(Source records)
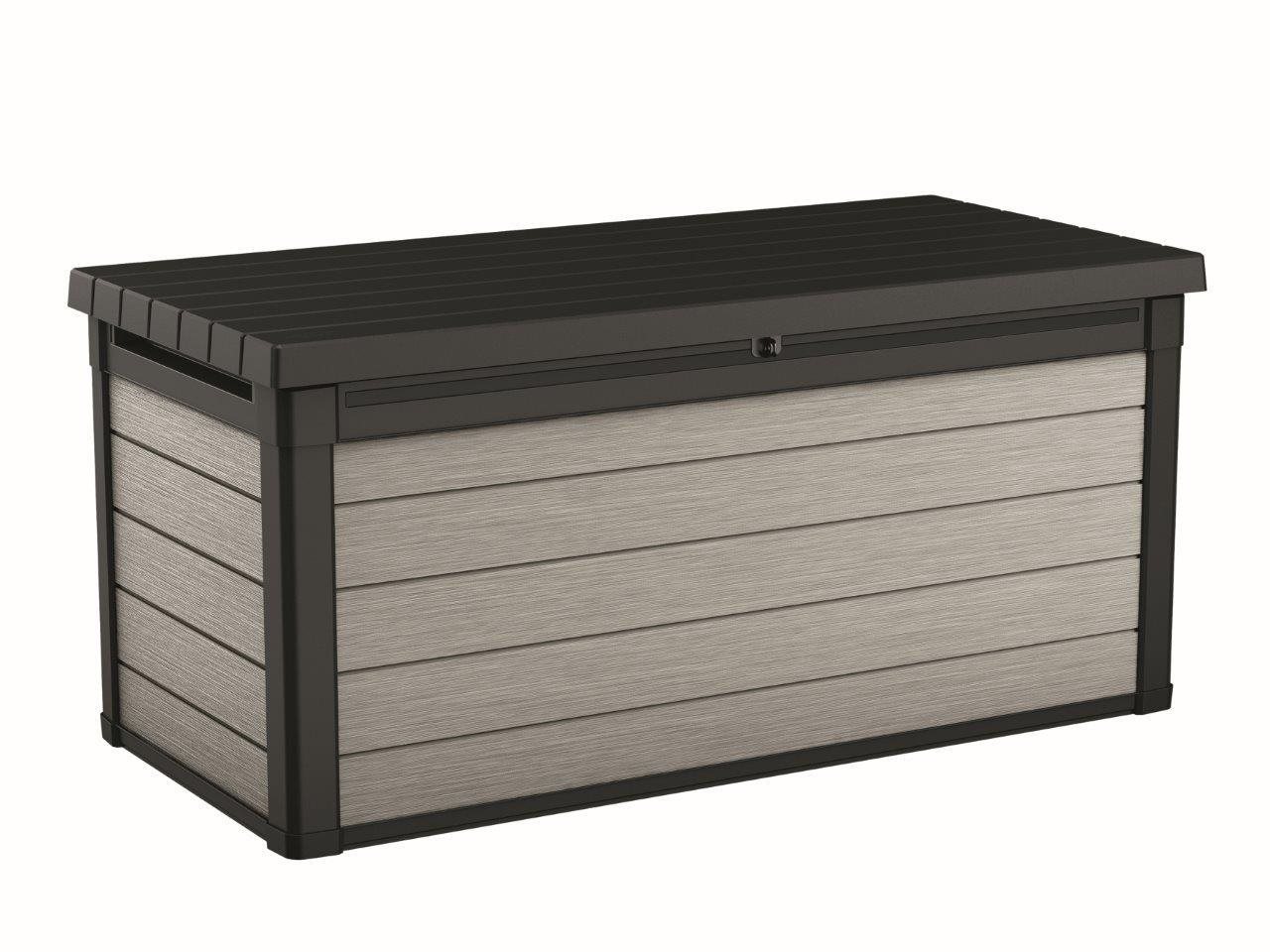 Záhradný box – plastový, vhodný na sedenie, objem 570 l, odolný proti poveternostným vplyvom, hrdzi a hnilobe, 2 miesta na sedenie, nosnosť vnútorného priestoru boxu 75 kg, nosnosť veka 300 kg, imitácia dreva, hnedá, sivá a čierna farba Záhradný box Keter s objemom 570 l pojme vďaka svojim väčším rozmerom aj objemnejšie vybavenie a skvele poslúži na organizáciu všetkého, čo potrebujete mať vonku poruke. Plastová konštrukcia je ľahká,
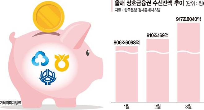 18일 한국은행 경제통계시스템에 따르면 농협·신협·새마을금고 등 상호금융권의 지난 3월 말 수신잔액은 917조8040억원으로 집계됐다. 전월 말(910조169억원) 대비 7조원 이상 늘었다.
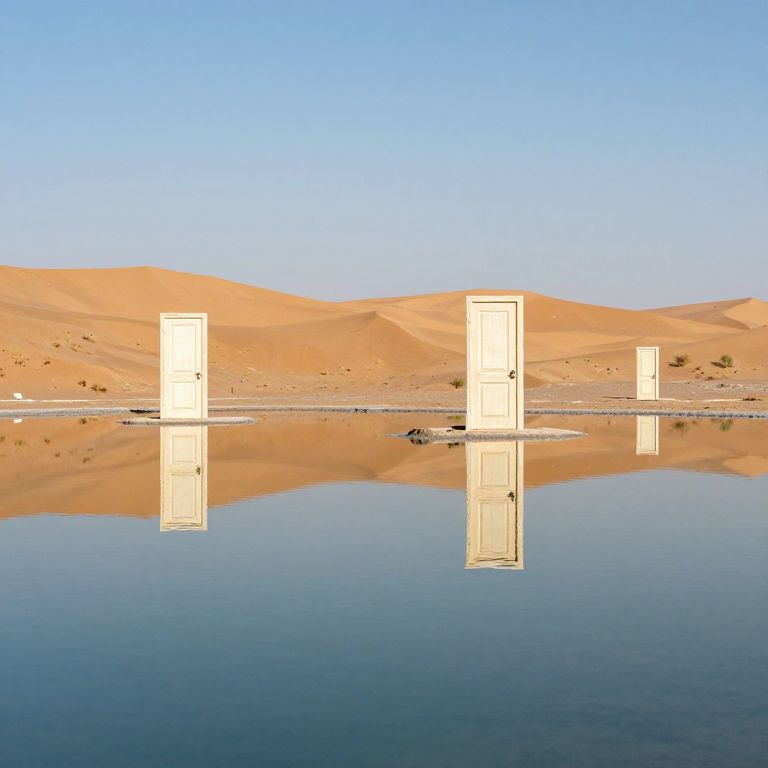 A desert lake reflects not the sky above, but doorways to other lands—each ripple shifting the reflection to a different dimension unknowingly.
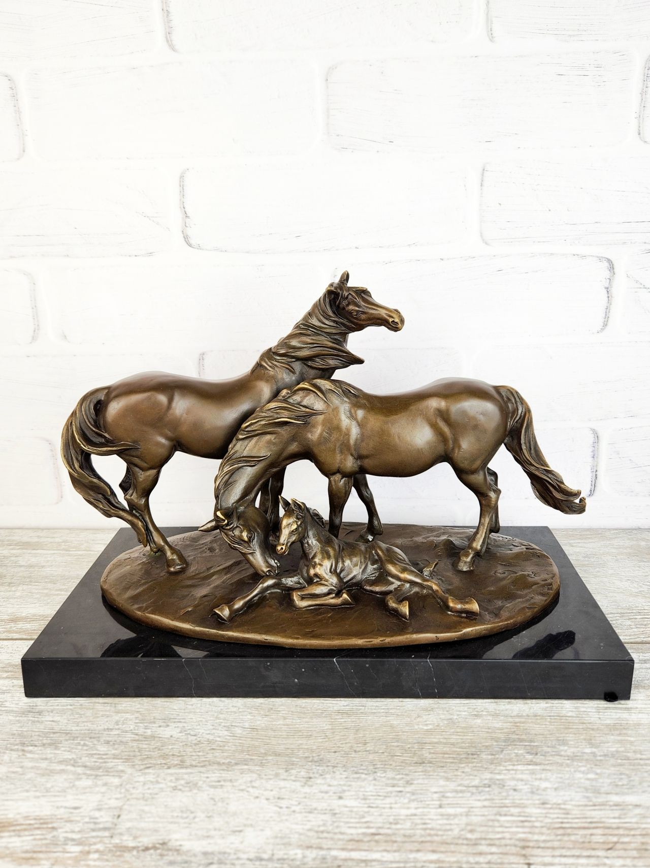 Крупнaя (41см ширина; 14,6кг), интерьерная работа, изображающая семью лошадей. Качество отменное. В мельчайших подробностях передана анатомия животных, характерный рельеф мускулатуры.
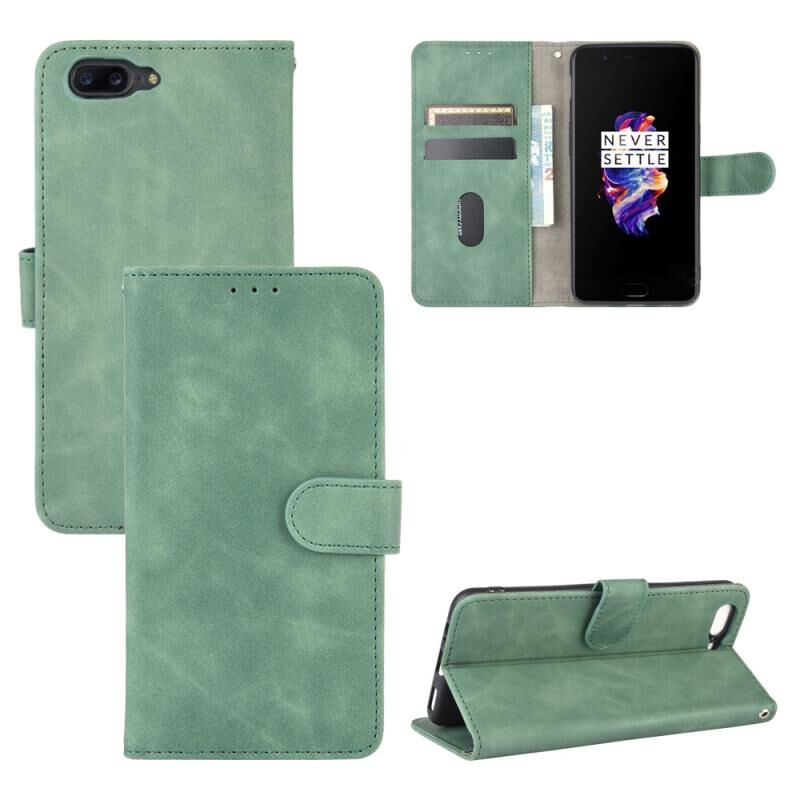 Για OnePlus 5 Αμιγές χρώμα δέρμα αίσθηση μαγνητική πόρπη οριζόντια Flip μοσχάρι υφή PU δέρμα υπόθεση με κάτοχο & υποδοχές καρτών & πορτοφόλι (πράσινο)
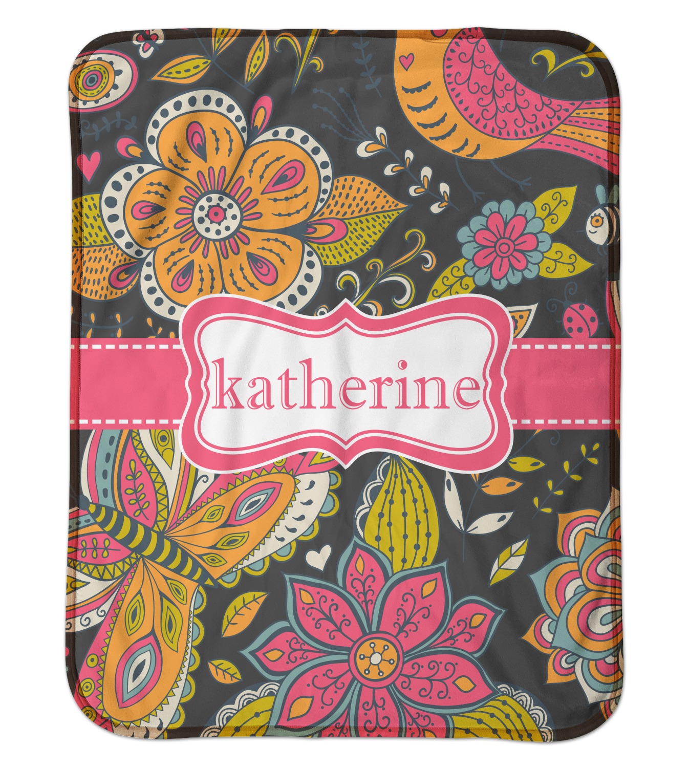 A pink ribbon with white stitching attached to a decorative white label trimmed in pink ties the entire design together. Add personalization of your choice in a coordinating color to make this pattern even more special.

> Directions
Your answer must be the lines from the one holding "18일 한국은행 경제통계시스템에" through the final line of the records above, exactly as written and without any pictures.

> Expected output
 18일 한국은행 경제통계시스템에 따르면 농협·신협·새마을금고 등 상호금융권의 지난 3월 말 수신잔액은 917조8040억원으로 집계됐다. 전월 말(910조169억원) 대비 7조원 이상 늘었다.
 A desert lake reflects not the sky above, but doorways to other lands—each ripple shifting the reflection to a different dimension unknowingly.
 Крупнaя (41см ширина; 14,6кг), интерьерная работа, изображающая семью лошадей. Качество отменное. В мельчайших подробностях передана анатомия животных, характерный рельеф мускулатуры.
 Για OnePlus 5 Αμιγές χρώμα δέρμα αίσθηση μαγνητική πόρπη οριζόντια Flip μοσχάρι υφή PU δέρμα υπόθεση με κάτοχο & υποδοχές καρτών & πορτοφόλι (πράσινο)
 A pink ribbon with white stitching attached to a decorative white label trimmed in pink ties the entire design together. Add personalization of your choice in a coordinating color to make this pattern even more special.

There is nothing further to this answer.